Future Value of Current Savings

FV = PV × (1 + r)ⁿ

Future Value of Contributions

FV = PMT × ((1 + r)ⁿ − 1) ÷ r

How to Use the Retirement Calculator

Enter your current age and the age at which you plan to retire. The difference determines how many years your savings will compound.

Add your current savings balance — any retirement accounts, pension funds, or investment portfolios you already have. Then enter your planned monthly contribution going forward.

The expected annual return drives the projection. Historically, a diversified equity portfolio has returned around 7% annually after inflation. Use a lower rate (5–6%) for a conservative estimate.

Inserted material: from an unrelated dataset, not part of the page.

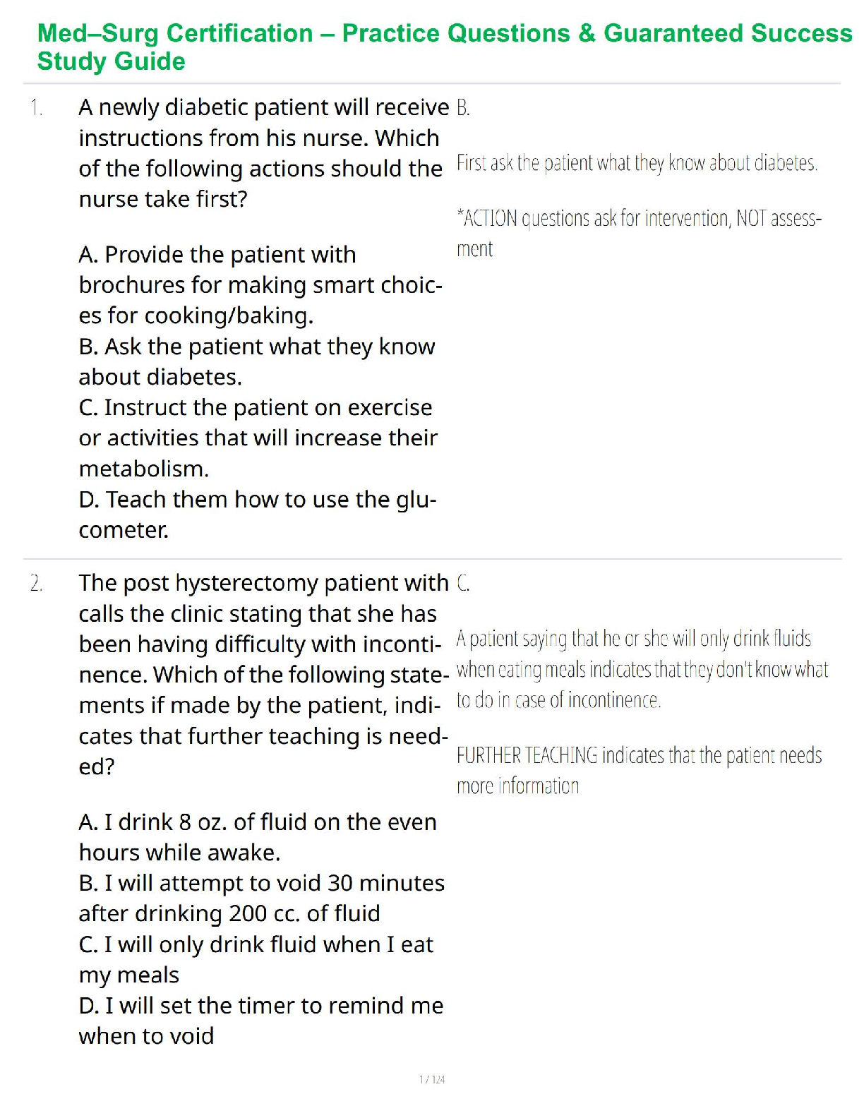NURSING 101 > STUDY GUIDE > Med–Surg Certification – Practice Questions & Guaranteed Success Study Guide

Frequently asked questions

How much money do I need to retire?
A common rule of thumb is the 25× rule: multiply your expected annual retirement spending by 25. For example, if you plan to spend $50,000 per year, you'd need $1.25 million saved. This is based on the 4% safe withdrawal rate from the Trinity Study.
What annual return should I use for retirement planning?
A stock-heavy portfolio (80–100% equities) has historically returned around 7–10% annually before inflation. After inflation, real returns are closer to 5–7%. Most financial planners use 6–7% as a conservative real return assumption for retirement projections.
What is the difference between gross return and inflation-adjusted return?
A gross return of 8% means your investments grow 8% nominally. An inflation-adjusted (real) return accounts for inflation eroding purchasing power. If inflation is 3%, a nominal 8% return equals roughly 5% real return. For retirement planning, using a real return gives a more accurate picture of what your savings will actually buy.
How much should I contribute to retirement each month?
A widely cited guideline is to save 10–15% of your gross income for retirement. If you start later, a higher contribution rate is needed to compensate. The calculator above lets you model different contribution levels to find the monthly savings that reaches your target.
What is compound growth in retirement savings?
Compound growth means your investment returns generate their own returns over time. The longer your money stays invested, the more dramatic the compounding effect. This is why starting early — even with smaller contributions — often results in significantly larger retirement balances than starting later with larger contributions.